De heer Oudkerk: Ik begrijp dat u op zeven niet onbelangrijke punten – ik heb ze even geteld – zegt: er zijn nog witte vlekken, dat is onbevredigend. Maar ik begrijp ook, dat er, hoewel er geen bevredigend antwoord op is gekomen, niet op dat tijdstip of enkele weken of maanden later een vervolgdebat is gehouden.

Mevrouw Van 't Riet: Nee, omdat wij ook voor onszelf constateerden dat die witte vlekken wel eens witte vlekken zouden kunnen blijven. Ik heb ook eens een keer gezegd: het is uitermate onbevredigend dat de cockpit voice recorder niet gevonden is, maar die is kwijt en blijft waarschijnlijk kwijt. Dat moet je dan constateren. Je blijft dan een onbevredigd gevoel houden, maar je moet met die constatering leren leven.
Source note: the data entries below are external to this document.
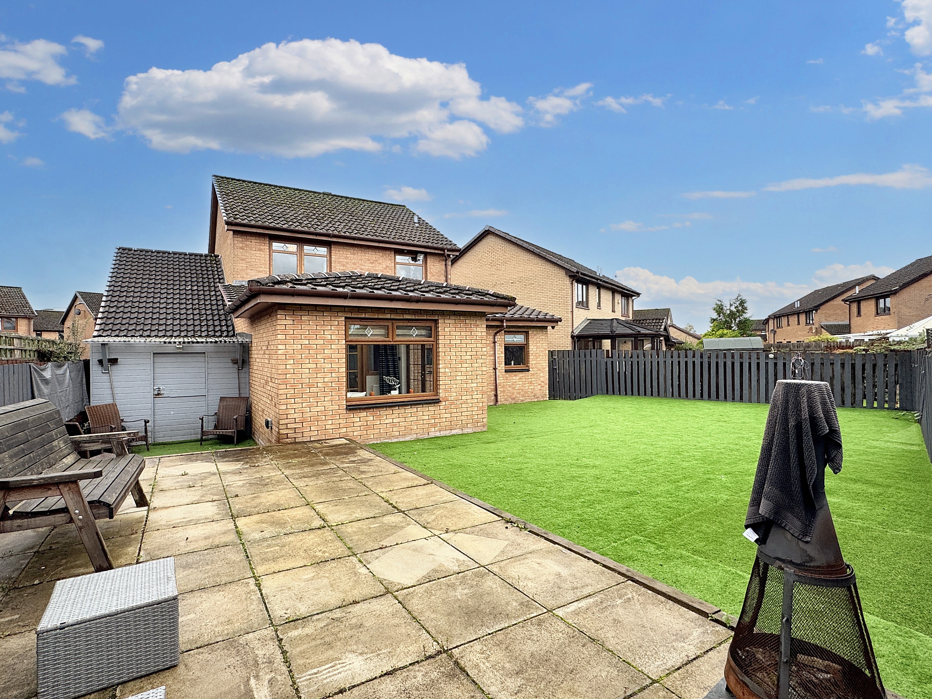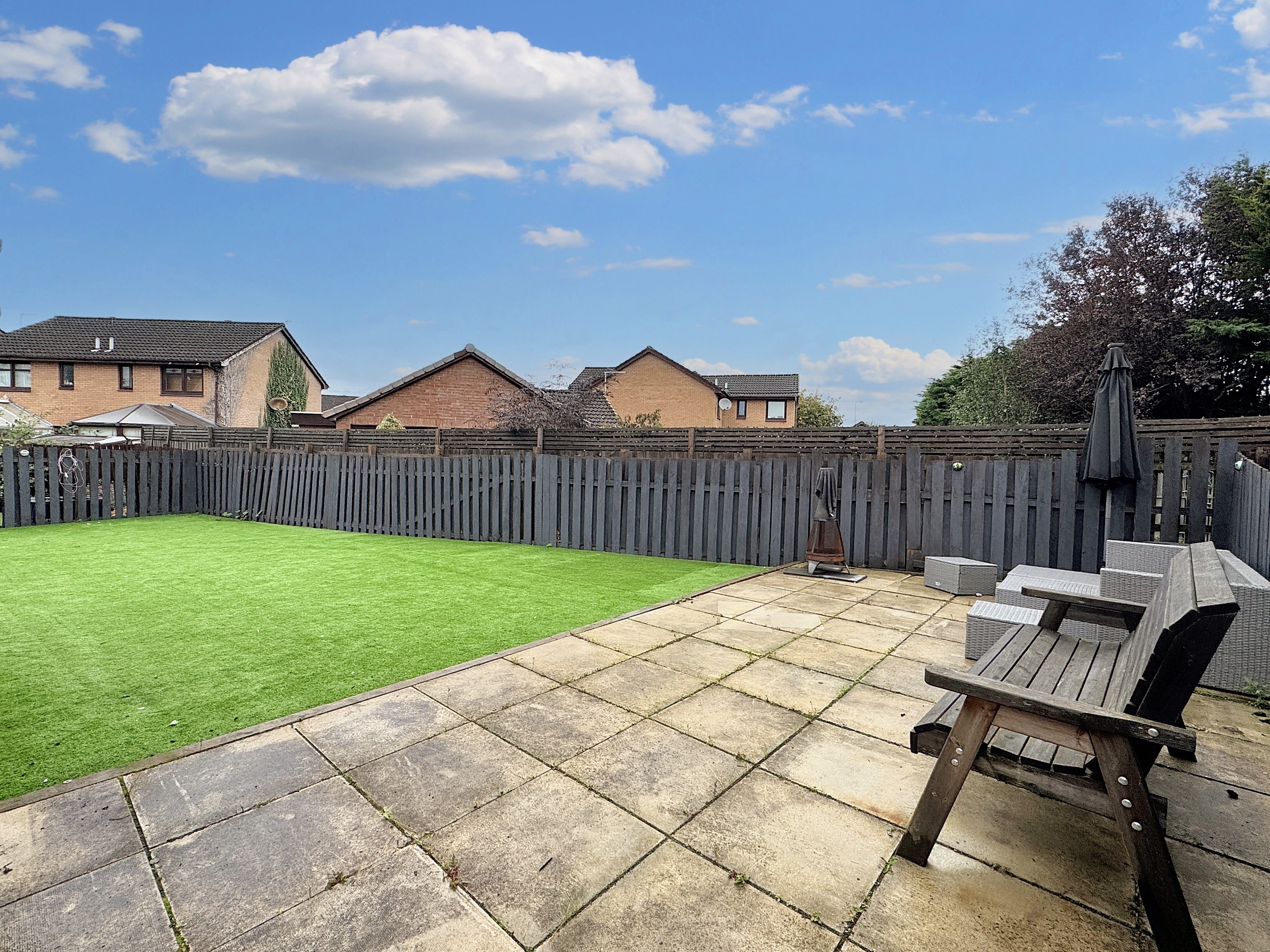 - Large back garden with patio area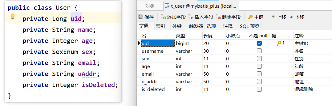 - 变量名驼峰转下划线为表的字段名(例如:属性uAddr → 表中字段名为u_addr)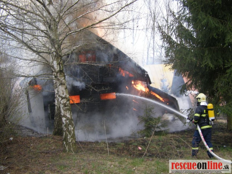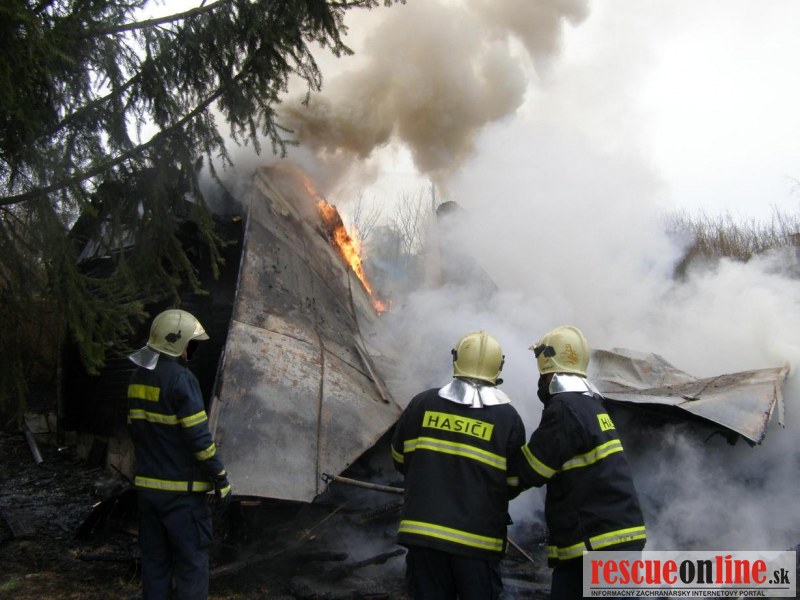 Vrbové | KR HaZZ Trnava | Na operačné stredisko OR HaZZ v Piešťanoch bol v stredu 6. apríla 2011 o 09:10 hod. prostredníctvom linky IZS Trnava nahlásený požiar chaty v k. ú. mesta Vrbové. Na zásah boli vyslaní štyria príslušníci HaZZ s technikou AHZS MB Atego a traja príslušníci s technikou CAS 32 T 815. Počas jazdy k požiaru bol viditeľný stĺp splodín horenia už z obce Trebatice. Po príjazde na miesto udalosti bolo zistené, že horí chata, ktorá je celá zachvátená požiarom. Na zásah boli nasadené dva „C“ prúdy a jeden vysokotlaký prúd z vozidla MB Atego. Pri nasadení síl a prostriedkov prišlo k zrúteniu strešnej konštrukcie objektu. Príslušníci HaZZ sa vystrojili dýchacími prístrojmi a zahájili likvidovanie požiaru. K miestu zásahu bola vyžiadaná jednotka OHZ Vrbové, ktorá sa na miesto udalosti dostavila v počte štyroch členov s technikou CAS 25 S 706. Jednotka OHZ vykonávala dopĺňanie MB Atega hasiacou látkou a pomocné práce. Príslušníci HaZZ po lokalizácii požiaru rozoberali konštrukciu pomocou trhacích hákov. Po likvidácii požiaru o 12:09 hod. príslušníci HaZZ prekontrolovali celé požiarisko a prekontrolovali či sa v objekte niekto nenachádzal a zásah ukončili a o 12:36 hod. sa vrátili na základňu.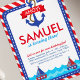 Ahoy ! vole sur le dessus pour une fête d'anniversaire nautique. Ancres à l'écart, naviguons pour célébrer la fête nautique de votre petit marin avec nos invitations d'anniversaire nautique. Les invitations à l'anniversaire de la voile sont accompagnées d'un voilier moderne et d'une ancre sur des rayures rouges et bleues. Tous à bord du voilier pour un plaisir d'anniversaire balnéaire. Notre modèle à thème nautique est parfait pour vos invitations d'anniversaire ahoy, des invitations de fête de plage, la fête d'anniversaire de piscine d'été.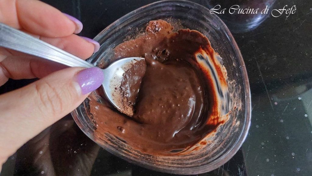 • À parte, prepare o topping de cobertura final: em uma tigela, misture o cacau amargo com o leite vegetal até obter a consistência de uma creme fluído mas suficientemente denso.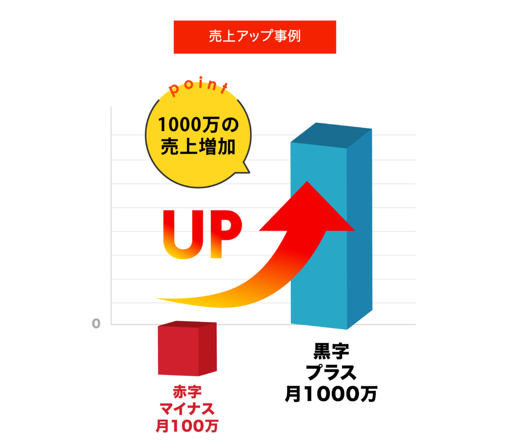 | ・A社:売り上げUP 赤字100万→黒字1000万 | |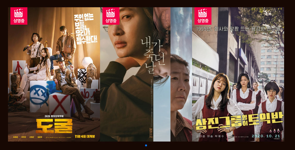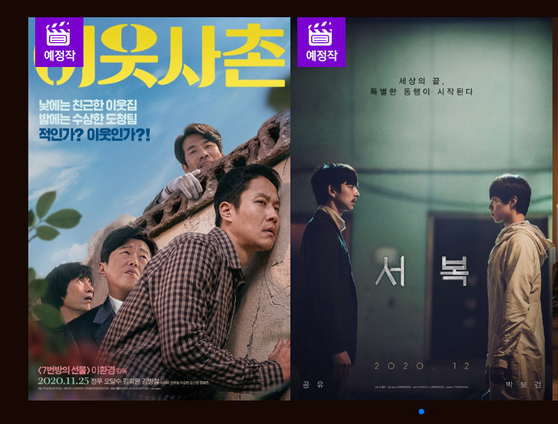 다음 상영 예정작이 미리 공개되어있습니다. 정우, 오달수, 김희원, 김병철 주연의 [이웃사촌] , 공유, 박보검 주연의 [서복]이 예정되어있습니다.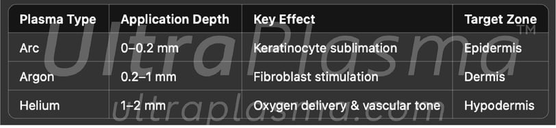 UltraPlasma™ introduces a unique multi-gas emission platform, enabling selective epidermal sublimation, dermal collagen remodeling, and deep skin regeneration via gas-specific depth modulation.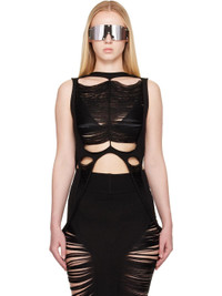 Semi-sheer knit virgin wool tank top. Laddering and rolled edges throughout. · Crewneck · Extended trim at front and back hem Supplier color: Black 100% virgin wool. Made in Italy 251232F111095

De heer Oudkerk: Dat was in ieder geval uw gevoel.

Mevrouw Van 't Riet: Dat was op dat moment het geval. Later nam het gevoel van onbehagen meer toe, met name ten aanzien van de lading. Toen zijn we ook blijven doorvragen. Naast de algemene overleggen en de plenaire debatten erover, hebben we ook intern overleg gehad tussen de woordvoerders over de vraag: hoe pakken we dit aan en hoe kunnen we dat afsluiten?

De heer Oudkerk: Daar kom ik zo direct op terug. Ik wil nog even bij dat debat van 26 april 1995 blijven. U zette een aantal punten neer die voor u nog niet bevredigend beantwoord waren. Tijdens haar antwoord in eerste termijn zegt de minister iets wat ze aan het einde van haar tweede termijn terugneemt. De minister verwijt de leden dat zij zich laten meeslepen in een welhaast paranoïde situatie. Heeft dat de toon gezet voor de verdere debatten tussen commissie/Kamerleden en de minister of ministers?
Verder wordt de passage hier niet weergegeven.